How to Normalize Audio with FFmpeg (Volume, Loudnorm, and API)

#ffmpeg #audio #api #tutorial

Originally published at ffmpeg-micro.com

FFmpeg audio normalization trips up even experienced developers. The loudnorm filter alone has 6 parameters, a two-pass workflow that requires parsing JSON from stderr, and behavior that changes depending on whether you feed it MP4, WAV, or MKV. Most guides skip the hard parts.

This post covers three approaches to fixing audio levels with FFmpeg: simple volume scaling, broadcast-standard loudnorm normalization (EBU R128), and a cloud API that handles it without installing anything.

Quick answer: normalize audio to -16 LUFS with FFmpeg

ffmpeg -i input.mp4 -af "loudnorm=I=-16:TP=-1.5:LRA=11" -c:v copy output.mp4

This applies EBU R128 loudnorm normalization targeting -16 LUFS (the standard for streaming platforms). The -c:v copy flag passes video through untouched so only the audio gets re-encoded.

Approach 1: Simple volume adjustment with the volume filter

The volume filter is the simplest way to change audio levels. It multiplies every sample by a fixed factor.

Halve the volume:

ffmpeg -i input.mp4 -af "volume=0.5" -c:v copy output.mp4

Double the volume:

ffmpeg -i input.mp4 -af "volume=2.0" -c:v copy output.mp4

Adjust by decibels (more precise):

ffmpeg -i input.mp4 -af "volume=6dB" -c:v copy output.mp4

The volume filter is predictable but dumb. It doesn't analyze the source audio first, so you can easily clip loud sections or amplify noise in quiet ones. For consistent levels across multiple files, you need actual normalization.

Approach 2: EBU R128 normalization with loudnorm

The loudnorm filter implements the EBU R128 broadcast standard.

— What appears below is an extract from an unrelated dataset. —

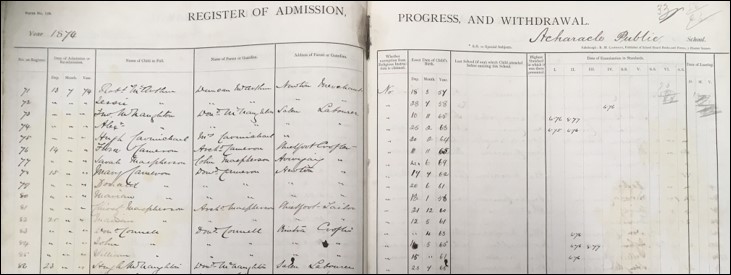 Log Books and Admission Registers make up the main series of school records held in the archive collections. Admission Registers list the pupils as they are registered at school every year. This makes them very useful for family history research. Log Books are like diaries of the school. The headteacher writes an entry every day or week about life at the school. It can include lots of different things like numbers of absent pupils, updates on the weather, exam results, parties or holidays and general news. You can see some examples of these records below. You can also read more about school records in our storyboard about Insh School.

Instead of blindly scaling amplitude, it measures perceived loudness (LUFS) and adjusts dynamically.

Single-pass normalization (good enough for most cases):

ffmpeg -i input.mp4 -af "loudnorm=I=-16:TP=-1.5:LRA=11" -c:v copy output.mp4

What the parameters mean:

I=-16 sets the target integrated loudness to -16 LUFS. YouTube uses -14, Spotify uses -14, podcasts typically use -16 to -19.
TP=-1.5 sets the true peak ceiling to -1.5 dBTP. This prevents clipping on lossy codecs like AAC and MP3 that can overshoot 0 dB during decoding.
LRA=11 sets the loudness range to 11 LU. This controls how much dynamic range the output keeps.

Two-pass normalization (more accurate):

Pass 1 - Analyze and capture stats:

ffmpeg -i input.mp4 -af "loudnorm=I=-16:TP=-1.5:LRA=11:print_format=json" -f null - 2>&1 | tail -12

Pass 2 - Apply the measured values:

ffmpeg -i input.mp4 -af "loudnorm=I=-16:TP=-1.5:LRA=11:measured_I=-19.6:measured_TP=-5.9:measured_LRA=0.6:measured_thresh=-29.6:offset=0.1:linear=true" -c:v copy output.mp4

Which approach should you use?

Scenario	Best approach	Why
Quick fix on one file	volume filter	Simple, predictable, no analysis needed
Batch normalize for a platform	loudnorm single-pass	EBU R128 standard, good enough for streaming
Mastering or archival quality	loudnorm two-pass	Most accurate, preserves dynamics
Automated pipeline	Cloud FFmpeg API	No installation, scales with your workflow

Common pitfalls

Forgetting -c:v copy and re-encoding the entire video. Without it, FFmpeg re-encodes the video stream too. This takes 10-50x longer.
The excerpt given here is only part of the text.